* WORK REQUEST
Drop the pictures from the entries below, then reproduce the rest exactly.
== Segment start ==
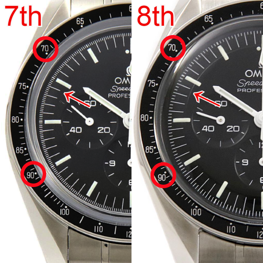 また、フェイス部にも変更点があります。文字盤の外周部に“段差”が設けられ、タキメーターのデザインも変更がありました。タキメーターはわかり難い変更点かもしれませんが、「70」と「90」の数字部分の近くにあるドットの位置が変わっています。
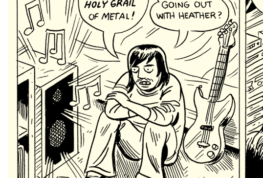 If you're in Portland, you may wanna drop by the Pony Club Gallery on Thursday night. I've got some stuff in the show "Satan is Real: images from the age of hysteria." The show's theme is like, the Eighties and back when people were freaked out about lyrics and imagery in heavy metal and movies and stuff. And backmasking. What was all that about? So the show will have a couple of unpublished comics pages (original art) from a new story that I'm working on with Jeff Wilson. What? Eighties and heavy metal? Yeah. Also on display will be an Iron Maiden scene I did for Electric Ant magazine. So yeah, if you meet the criteria (a. are in Portland; b. feel like it), swing by and check it out.
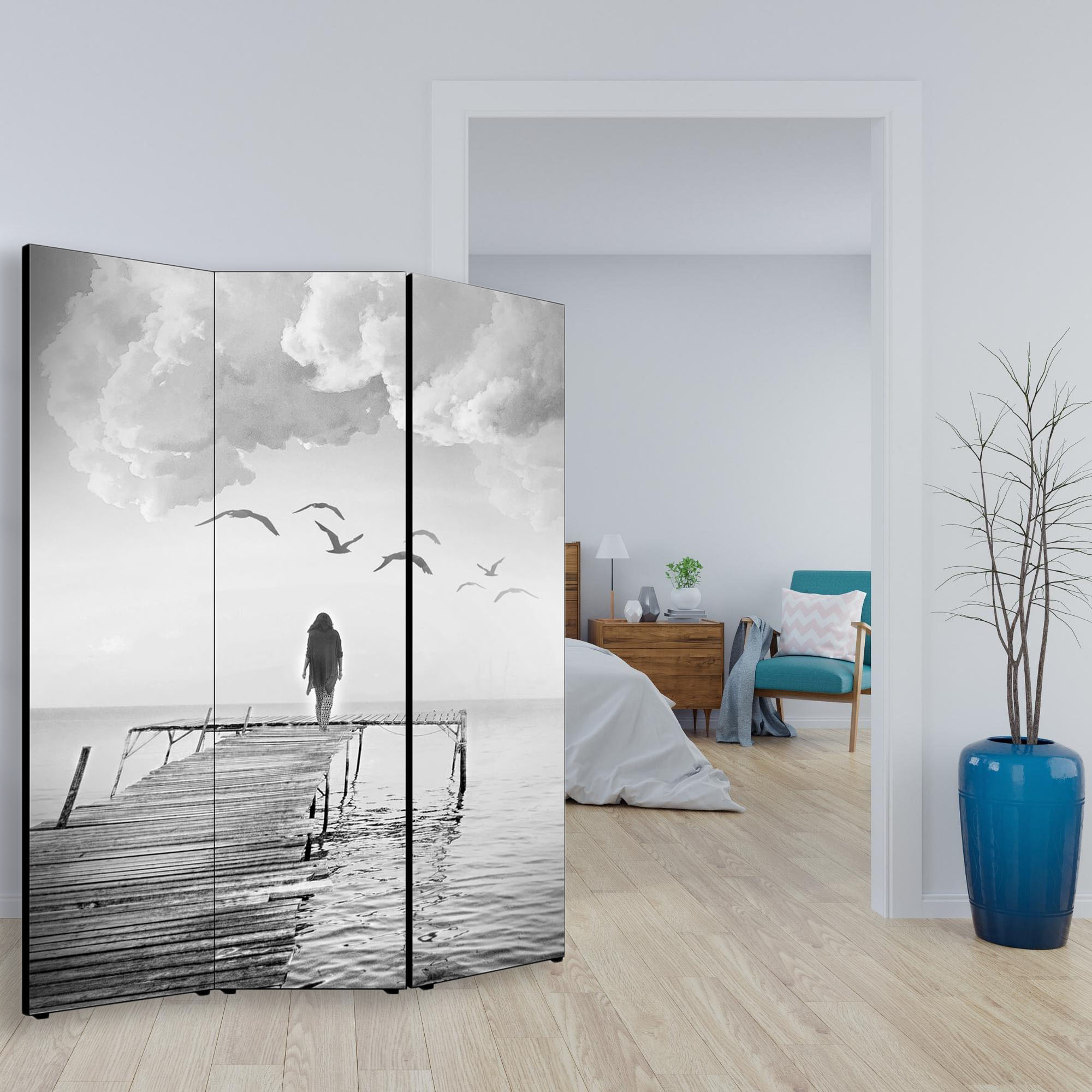 Separe' per interni, Divisorio 135,6 x H 176 x P 3,1 cm DONNA SUL PONTILE paravento 3 Ante in legno con Tele stampate fronte retro Soggetto unico -
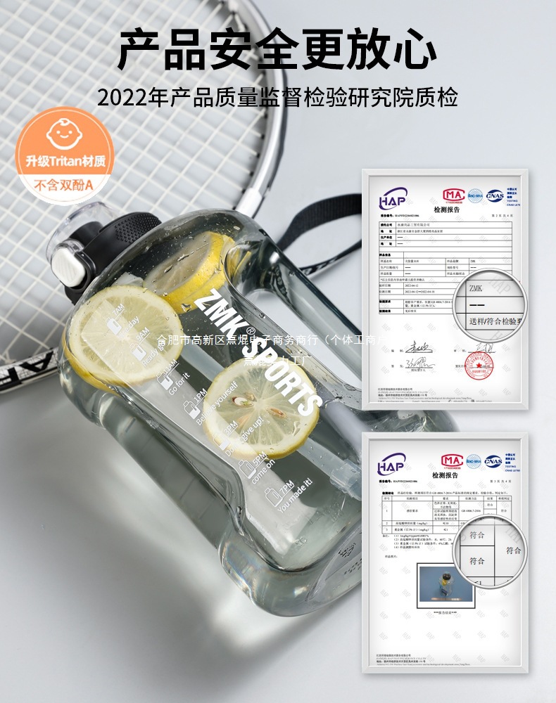 Tritanトントンバレル大容量カップ男性フィットネススポーツ水筒耐高温トンバレル大腹カップカスタム
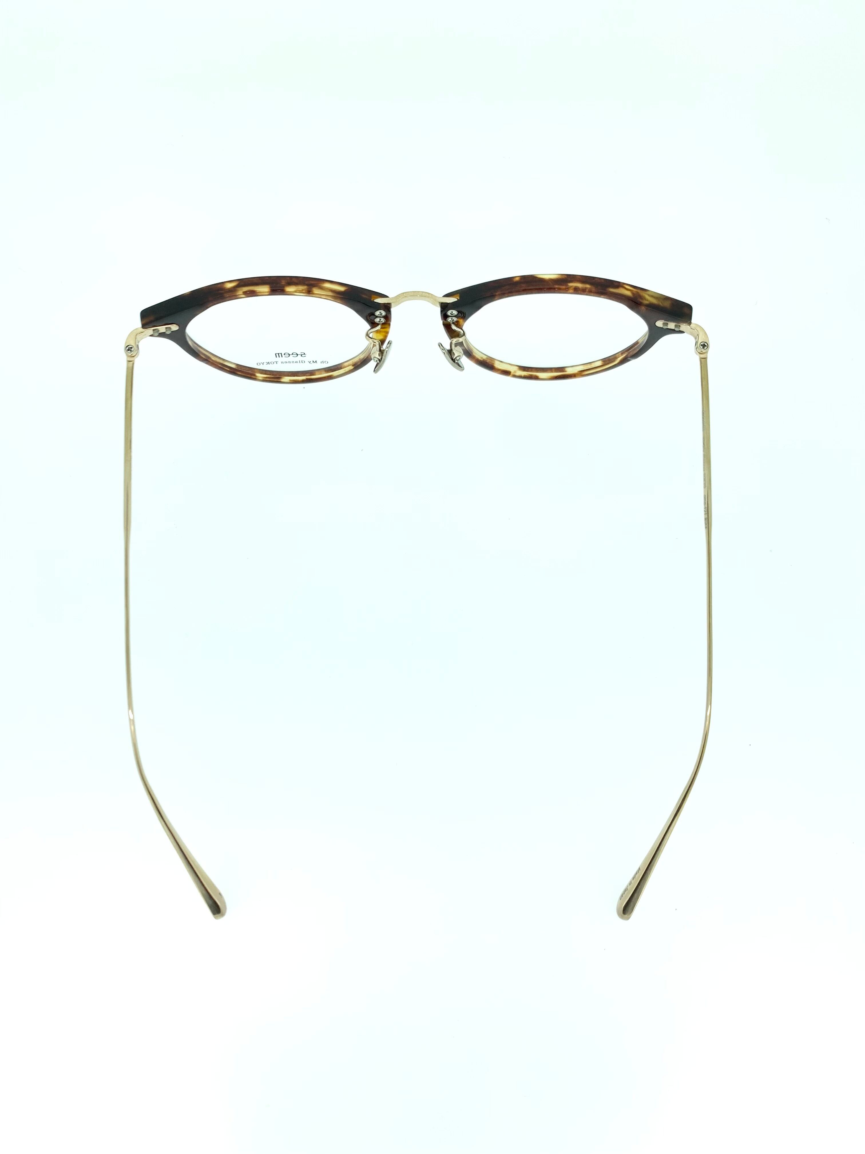 丸みの強いボストンシェイプに濃淡の綺麗なブラウンデミのコンビネーションフレーム。上品で煌びやかなゴールドメタルのテンプルは先端までオールメタル仕様で、スタイリッシュなデザインとなっています。しっかりと厚みのあるセルリムがカジュアルな雰囲気もあり、高級感とカジュアルのバランスがとれたお洒落な作品です。
== Segment end ==
* EXERCISE RESULT
 また、フェイス部にも変更点があります。文字盤の外周部に“段差”が設けられ、タキメーターのデザインも変更がありました。タキメーターはわかり難い変更点かもしれませんが、「70」と「90」の数字部分の近くにあるドットの位置が変わっています。
 If you're in Portland, you may wanna drop by the Pony Club Gallery on Thursday night. I've got some stuff in the show "Satan is Real: images from the age of hysteria." The show's theme is like, the Eighties and back when people were freaked out about lyrics and imagery in heavy metal and movies and stuff. And backmasking. What was all that about? So the show will have a couple of unpublished comics pages (original art) from a new story that I'm working on with Jeff Wilson. What? Eighties and heavy metal? Yeah. Also on display will be an Iron Maiden scene I did for Electric Ant magazine. So yeah, if you meet the criteria (a. are in Portland; b. feel like it), swing by and check it out.
 Separe' per interni, Divisorio 135,6 x H 176 x P 3,1 cm DONNA SUL PONTILE paravento 3 Ante in legno con Tele stampate fronte retro Soggetto unico -
 Tritanトントンバレル大容量カップ男性フィットネススポーツ水筒耐高温トンバレル大腹カップカスタム
 丸みの強いボストンシェイプに濃淡の綺麗なブラウンデミのコンビネーションフレーム。上品で煌びやかなゴールドメタルのテンプルは先端までオールメタル仕様で、スタイリッシュなデザインとなっています。しっかりと厚みのあるセルリムがカジュアルな雰囲気もあり、高級感とカジュアルのバランスがとれたお洒落な作品です。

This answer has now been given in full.